Email updates

Keep up to date with the latest news and content from Journal of Biology and BioMed Central.

Minireview

Parental squabbles and genome expression: lessons from the polyploids

Daniela Pignatta and Luca Comai*

Author affiliations

Plant Biology and Genome Center, University of California, 451 E. Health Sciences Drive, Davis, CA 95616, USA

For all author emails, please log on.

Citation and License

Journal of Biology 2009, 8:43  doi:10.1186/jbiol140

The electronic version of this article is the complete one and can be found online at: http://jbiol.com/content/8/4/43


Published:1 May 2009

© 2009 BioMed Central Ltd

Abstract

The merger of evolutionarily diverged genomes to form a new polyploid genetic system can involve extensive remodeling of gene regulation. A recent paper in BMC Biology provides important insights into regulatory events that have affected the evolution of allopolyploid cotton.

Minireview

Polyploidy results from multiplication of the entire chromosome set: autopolyploidy when multiplication involves chromosome sets of the same type; allopolyploidy when duplication is either concurrent with or subsequent to hybridization of different species (Figure 1) [1]. In stable allopolyploids parental species-specific chromosome pairing is enforced, and so the two parental genomes are maintained with limited changes through successive generations.

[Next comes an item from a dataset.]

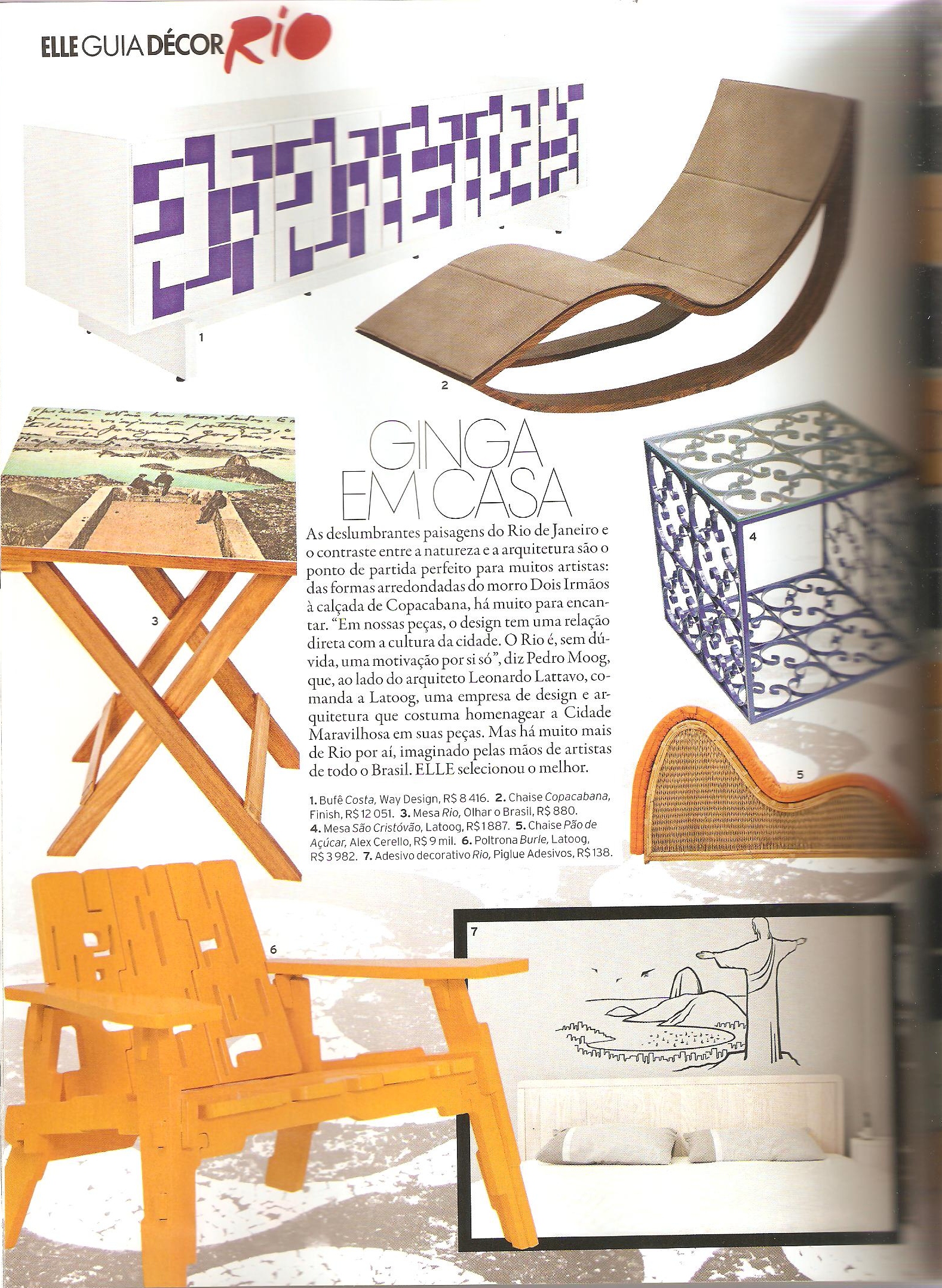As deslumbrantes paisagens do Rio de Janeiro e contraste entre a natureza e a arquitetura são o ponto de partida perfeito do morro Dois Irmãos à calçada de Copacabana, há muito para encantar. Em nossas peças, o desing tem uma relação direta com a cultura da cidade. “O Rio é, sem dúvida, uma motivação por si só”, diz Pedro Moog, que ao lado do arquiteto Leonardo Lattavo, comanda a LATTOOG, uma empresa de desing e arquitetura que costuma homenagear a Cidade Maravilhosa com suas peças. Mas há muito mais de Rio por aí, imaginado pelas mãos de artistas de todo o Brasil. Elle selecionou o melhor.

Hybridity, the condition in which an organism inherits diverged genomes from each parent, is thus a permanent condition of allopolyploids. Like interspecific hybrids, newly formed allopolyploids display a range of novel phenotypes that are both favorable and unfavorable, but which are overall of questionable fitness. Although it might seem unlikely that these 'freaks of nature' could contribute to the evolutionary race, the remnants of whole-genome duplication in all sequenced plant genomes attests otherwise. Polyploidy – most probably allopolyploidy – recurred multiple times in each analyzed lineage, after which the duplicated gene set fractionated slowly back over evolutionary time to apparent diploidy [2]. Therefore, new allopolyploid species were fit enough to beget the present multitude of seed-plant species.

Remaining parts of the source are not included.